*Data segment:*
════════════════
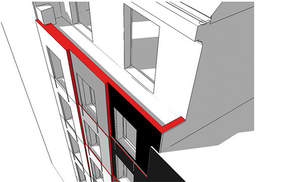 Chaque élément fonctionnel est traité de telle sorte qu’il en magnifie l’usage et en premier lieu, l’isolation extérieure qui offre l’opportunité de réaliser un nouveau parement en applique et d’opérer une transformation radicale de la façade tout en s’inscrivant dans l’histoire du quartier.
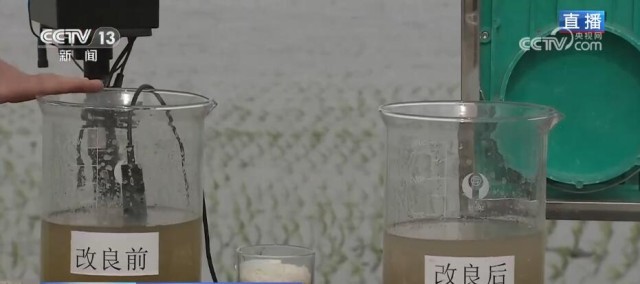 下一步就是对盐碱地进行改良,主要任务就是降低土壤的pH值。您看,这就是当地的盐碱土,颜色雪白,而且非常硬。这样的土壤泡水之后我们来测量一下它的pH值是多少,是在10—12区间。这是什么概念呢?种植水稻的土壤最佳是在7左右,它已经接近于2倍的数值。而通过向土壤当中施加改良剂,不断泡田洗田,逐年种植水稻,这一杯是我们刚才从水田当中取出的土样,我们来测量一下它的pH值,您看已经降低到了7左右,改良效果是非常明显。但这些还不够,改良之后的盐碱地如果长时间浸泡还会出现返碱的现象,因此当地三天两头就需要有人拿着这样的试纸挨个田块进行测量,但是现在使用智能检测系统,可以实时控制进水排水。您看如果达到标准,水阀不会打开,但是如果出现了返碱的情况,超过了临界值,水阀会自动打开进行排水,为水稻提供适宜的生长环境。
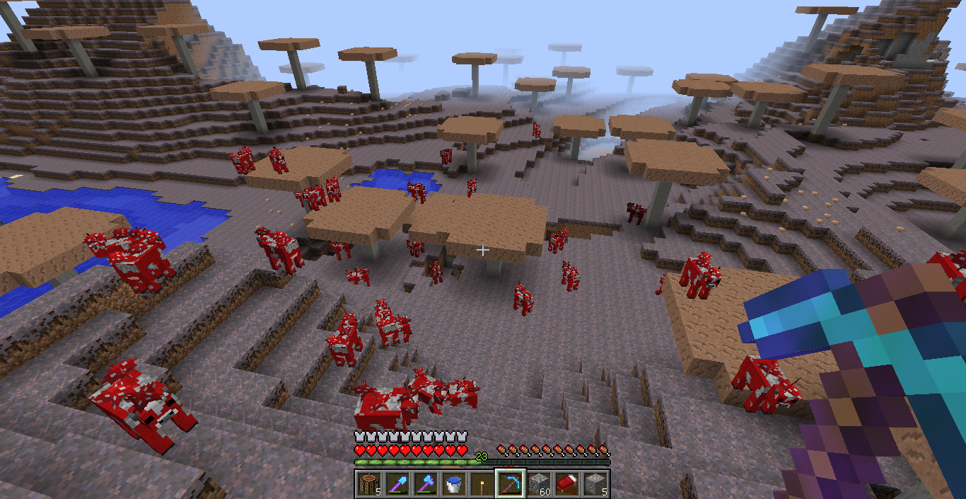 ただキノコバイオームって海洋にポツンと島としてのみしか生成されないと聞いていたので陸続きでキノコバイオームがあることに驚いています。
════════════════
The answer should be an exact copy of the material, with its pictures removed.

 Chaque élément fonctionnel est traité de telle sorte qu’il en magnifie l’usage et en premier lieu, l’isolation extérieure qui offre l’opportunité de réaliser un nouveau parement en applique et d’opérer une transformation radicale de la façade tout en s’inscrivant dans l’histoire du quartier.
 下一步就是对盐碱地进行改良,主要任务就是降低土壤的pH值。您看,这就是当地的盐碱土,颜色雪白,而且非常硬。这样的土壤泡水之后我们来测量一下它的pH值是多少,是在10—12区间。这是什么概念呢?种植水稻的土壤最佳是在7左右,它已经接近于2倍的数值。而通过向土壤当中施加改良剂,不断泡田洗田,逐年种植水稻,这一杯是我们刚才从水田当中取出的土样,我们来测量一下它的pH值,您看已经降低到了7左右,改良效果是非常明显。但这些还不够,改良之后的盐碱地如果长时间浸泡还会出现返碱的现象,因此当地三天两头就需要有人拿着这样的试纸挨个田块进行测量,但是现在使用智能检测系统,可以实时控制进水排水。您看如果达到标准,水阀不会打开,但是如果出现了返碱的情况,超过了临界值,水阀会自动打开进行排水,为水稻提供适宜的生长环境。
 ただキノコバイオームって海洋にポツンと島としてのみしか生成されないと聞いていたので陸続きでキノコバイオームがあることに驚いています。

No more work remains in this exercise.